Here’s how to tell you’re leaving your partner high and dry
Ever wondered your partner may have been sexually unsatisfied forever and never brought it up with you? Find out the truth with these signs.
Lovemaking is one of the most important aspects of a relationship. During the initial stages of the relationship, both partners play a proactive role when it comes to sexual matters. Often, with time, the dynamics change. This may happen for various reasons, and sometimes, people are also unable to keep their partners happy in bed. Most unsatisfied people desist from raking up the issue with their partners as it may hurt them, especially men, who consider their sexual prowess as a sign of their masculinity. However, the issue of sexual satisfaction is gender-neutral.

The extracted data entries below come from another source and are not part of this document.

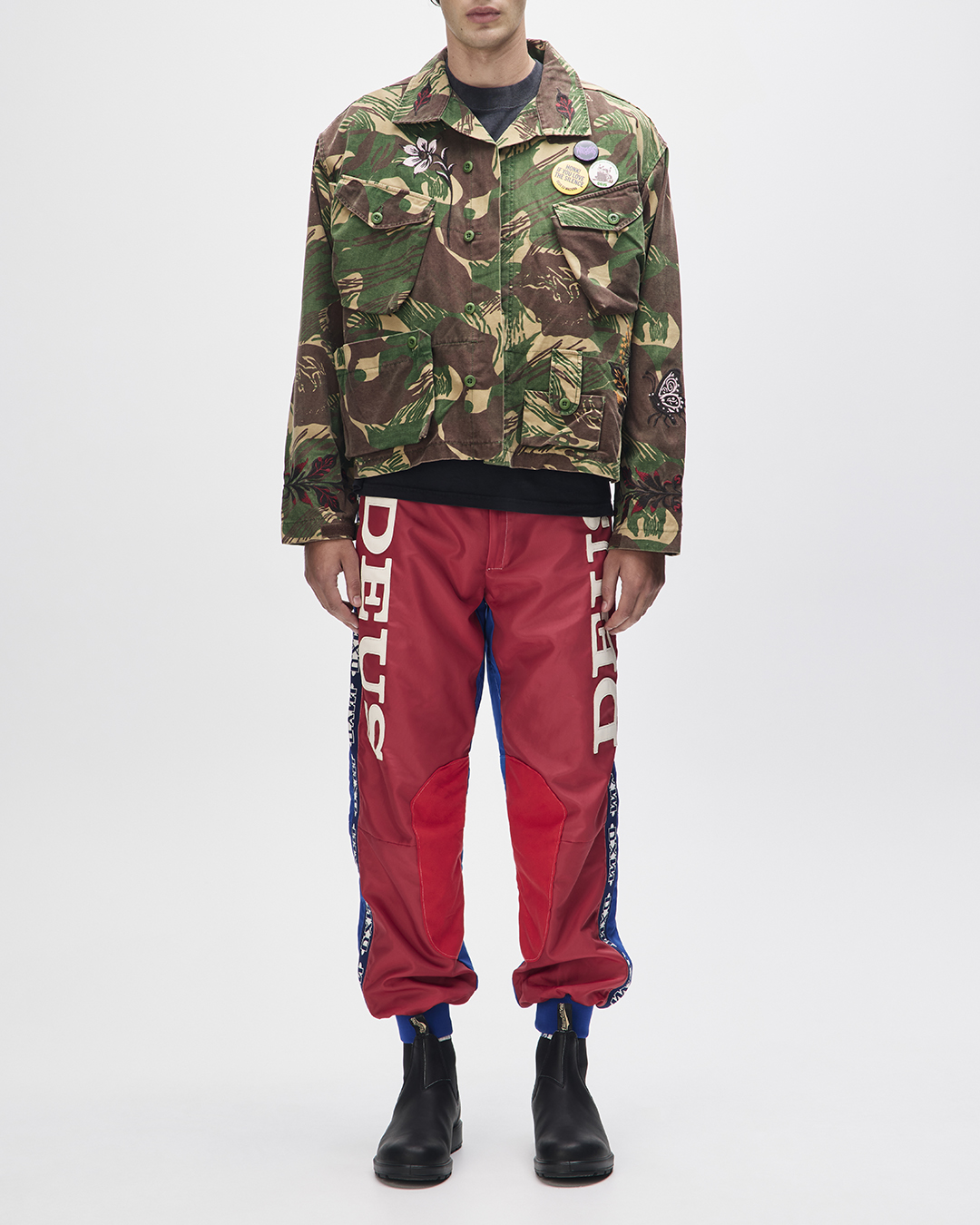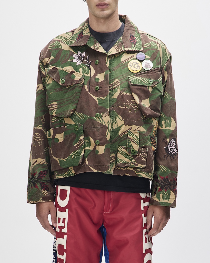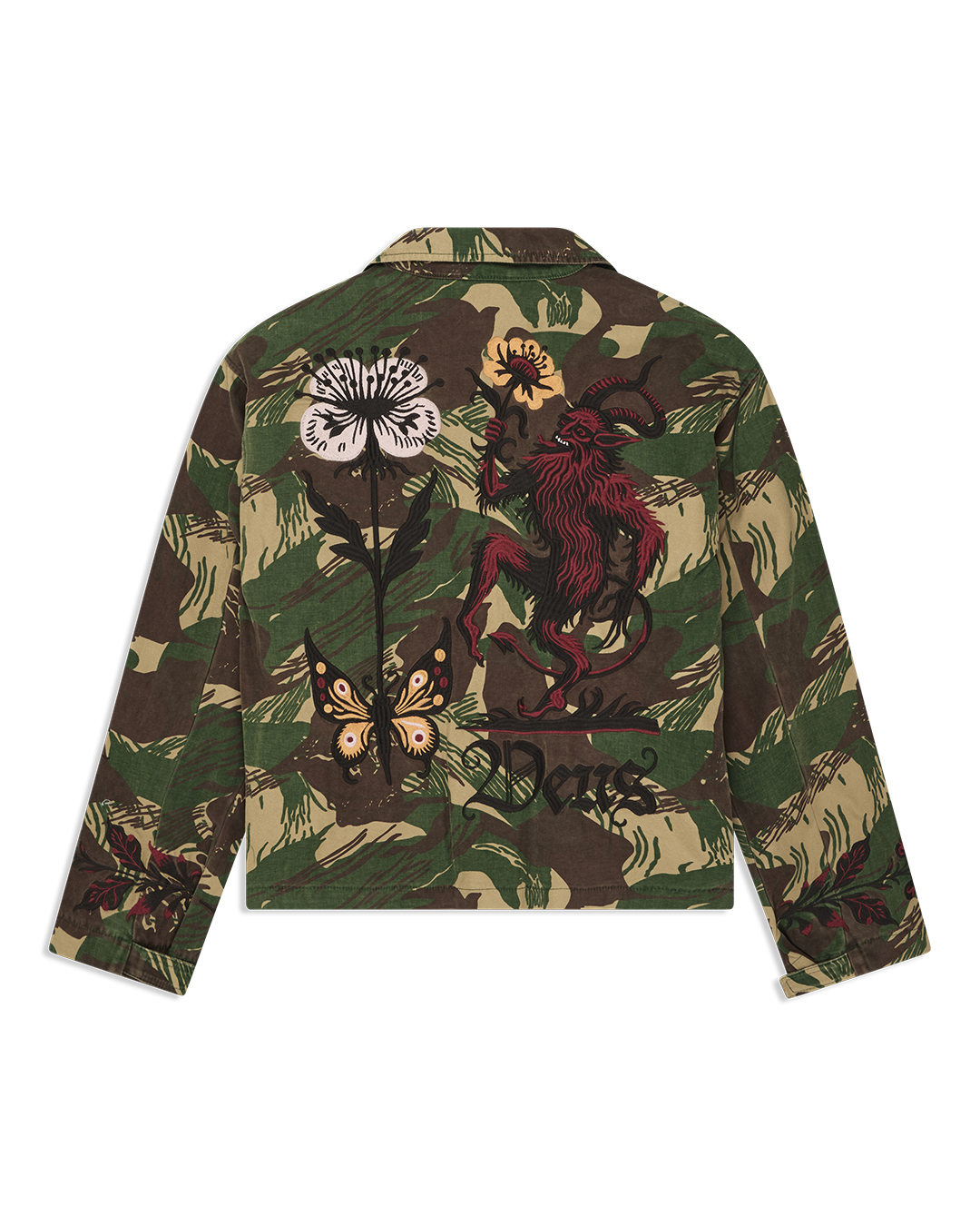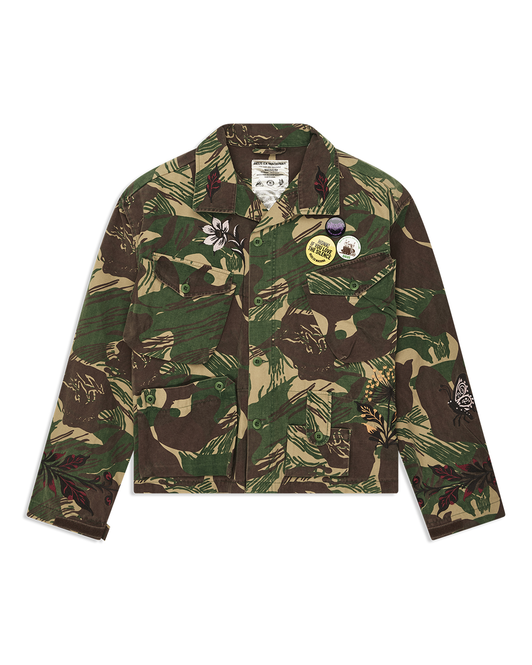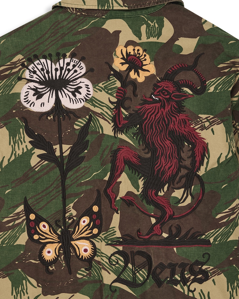 Die Ahimsa Jacket / Overshirt verbindet Military-Einflüsse mit dem unverkennbaren Deus Records Spirit. Mit oversized Fit, aufwendiger Stickerei und authentischer Waschung entsteht ein markantes Piece, das Retro-Charakter und Individualität ausstrahlt.
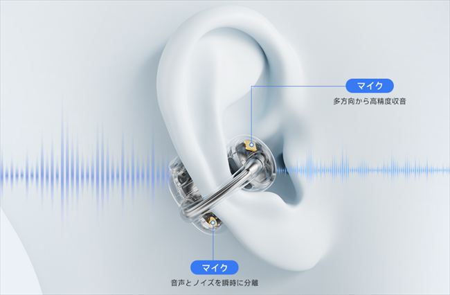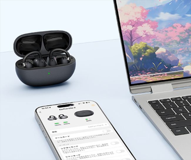 EarFun Clip2は、耳を塞がず環境音を感じながら音楽を聴く事ができるイヤーカフ型イヤホンです。
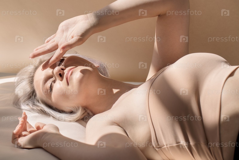 Женщина с короткими серебристыми волосами лежит на мягкой поверхности, греется в естественном свете, со спокойным выражением лица, демонстрируя расслабление и спокойствие в минималистической обстановке
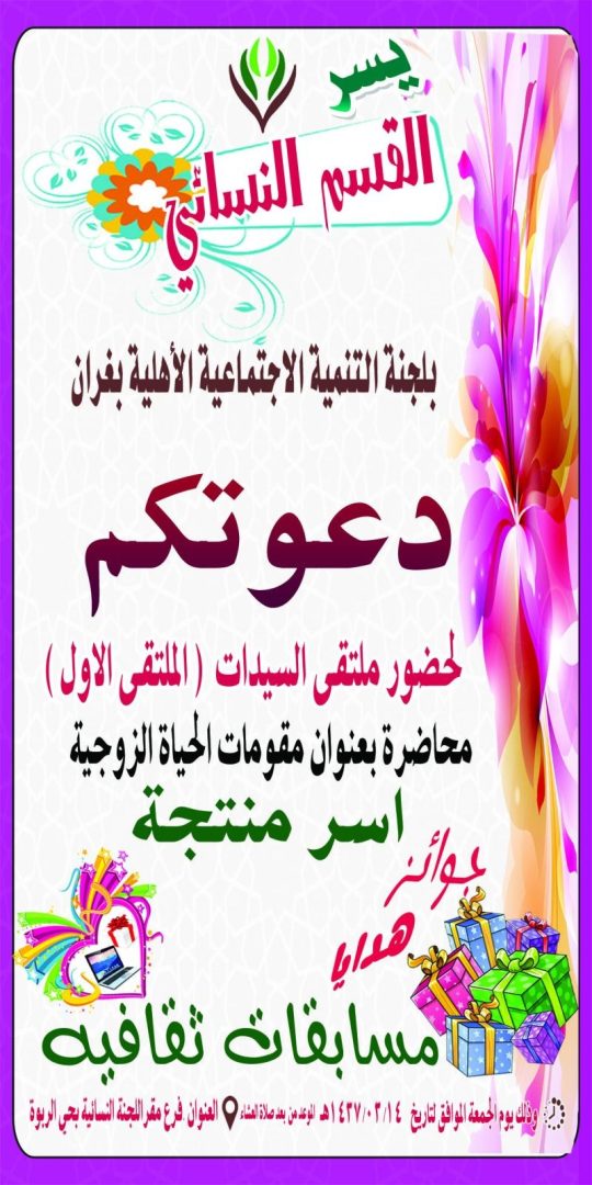 ينظم القسم النسائي بلجنة التنمية الاجتماعية الأهلية بغران ملتقى السيدات الأول بحي الربوة مساء الجمعة الموافق ١٤ربيع الأول لعام ١٤٣٧هجري ، وذلك عقب صلاة العشاء مباشرة ، وسوف يشتمل الملتقى على محاضرة بعنوان “مقومات الحياة الزوجية” بالإضافة إلى معرض لمنتجات “الأسر المنتجة” وعدد من المسابقات الترفيهية والجوائز القيمة.

But as experts reveal, there are many signs that you may have missed, and which tell you that your partner maybe unhappy with the lovemaking. Here’s what to look out for:
Overworking and excessive drinking
If your partner is drinking or working more than usual, it is possible that there is a disconnect, and can also probably be because of sexual dissatisfaction. Viveck Shettyy, life coach, says, “This is their way of expressing it. They want to completely escape their sex life or the circumstances, and yet make it look natural. So, whatever little is left of it, is more out of compulsion, and less out of joy.”
Cold and unresponsive
If your partner doesn’t engage too much in conversations in bed and is also very critical of you, the real problem may be sexual dissatisfaction. Shettyy says, “This behaviour may extend to restricting much of your movement during the act, becoming cold and unresponsive, being keen on getting over with it quickly, and calling it a day.”
Persons unhappy with their sex life will try to avoid things associated with sex or aspects leading to it. Kavita Mungi, mental health counsellor, says, “They may talk about everything other than sex, they will avoid getting intimate, and indicate a desire to not take sexual matters ahead.”
They may be jealous of other people’s relationships. Mungi says, “Another psychological indication of dissatisfaction is being envious of the relationships of other couples, and making sly references to the perfection of the appearance of others’ partners.”
Sudden fondness for sleaze
Some of them tend to watch more porn and rely on imagination. Shettyy says, “In the absence of real pleasure, they may resort to watching porn. Fantasy and imagination become the ideal escape route for them.”
Hitting the bed early
Persons, who are unhappy with their sex life, will hit the bed early. Dr Maya Kirpalani, consultant psychologist and family therapist, says, “If this happens very often with reasons such as tiredness or the need to wake up early, etc., there is a possibility that the partner is withdrawing from having sex. Those who used to always initiate sex in the relationship will also try this trick.”
Mentally absent during lovemaking
Your partner could be unsatisfied sexually due to other factors which are not related to you, as well, and this could mean losing focus during sex.
Kirpalani says, “Look out for your partner not being mentally and emotionally present during sex or getting distracted. If this happens frequently, it could indicate dissatisfaction due to stress or other factors.”